Monday, November 03, 2003

A few questions related to economics and finance ...

03-Nov-2003:

What is "credit policy" as such ? And what is the Indian policy ?
How does it differ in comparison to those of other developed and
developing countries ? What are salient features in ours ? Why
are the salient ?

What exactly is PLR (apart from Prime Lending Rate) ? How is it
arrived at ? Who determines it (I guess each bank by itself) ?
What is the mechanism of operation ?

What is "arbitrage opportunity for foreign debts" ? How does
reducing it slow down $$ inflows ?

What is "overnight foreign exchange exposure" ? How does
reducing it increase $$ demand ?

What are the present restrictions for Indians while investing
abroad ? What can be relaxed amongst them ?
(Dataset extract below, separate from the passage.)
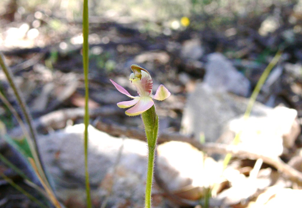 Found in Victoria and Tasmania in coastal scrub and in heathy forests at elevations of sealevel to 50 meters as a miniature to small sized, cold growing terrestrial with a thin, linear, hairy, basally red leaf that blooms in the spring on an erect, 4.8 to 9.6" [12 to 24 cm] long, 1 to 2 flowered inflorescence.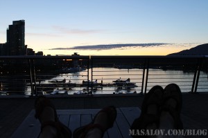 После поездки на Capilano Suspension Bridge мы решили еще заехать в Down Town полюбоваться на закат. Мы пошли посидеть на сидениях, которые поставлены на Canada Place. Я их фотографии уже выкладывала в другом посте. Мы там сели и любовались на закат.

What are "variable repo rates" ? What impact would their introduction
have on money markets ?

What is "repo rate" (rate at which RBI takes money from banks) ?
What is the impact if it is lessened ? Why did this not happen
the last time markets speculated for this ?
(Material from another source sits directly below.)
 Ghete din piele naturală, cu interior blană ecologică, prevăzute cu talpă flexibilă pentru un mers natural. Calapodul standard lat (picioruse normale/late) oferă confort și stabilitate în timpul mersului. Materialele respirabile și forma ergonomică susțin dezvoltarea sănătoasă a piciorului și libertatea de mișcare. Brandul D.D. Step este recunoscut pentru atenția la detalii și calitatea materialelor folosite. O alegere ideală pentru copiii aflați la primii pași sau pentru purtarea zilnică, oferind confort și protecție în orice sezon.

What is ADR, GDR ? What is the "conversion route" of getting
them ?

What is our "fiscal responsibility and budget management bill" ?
What is the crux of it ? How does it operate ? Who takes
stock ?

What do the terms swap, credit derivatives, value-at-risk
technique, yield curve modelling, basis capital adequacy,
norms on market and credit risk mean ? Any additional details
about them ?

For occurrences of all of these, read today's (3-Nov-2003) ET.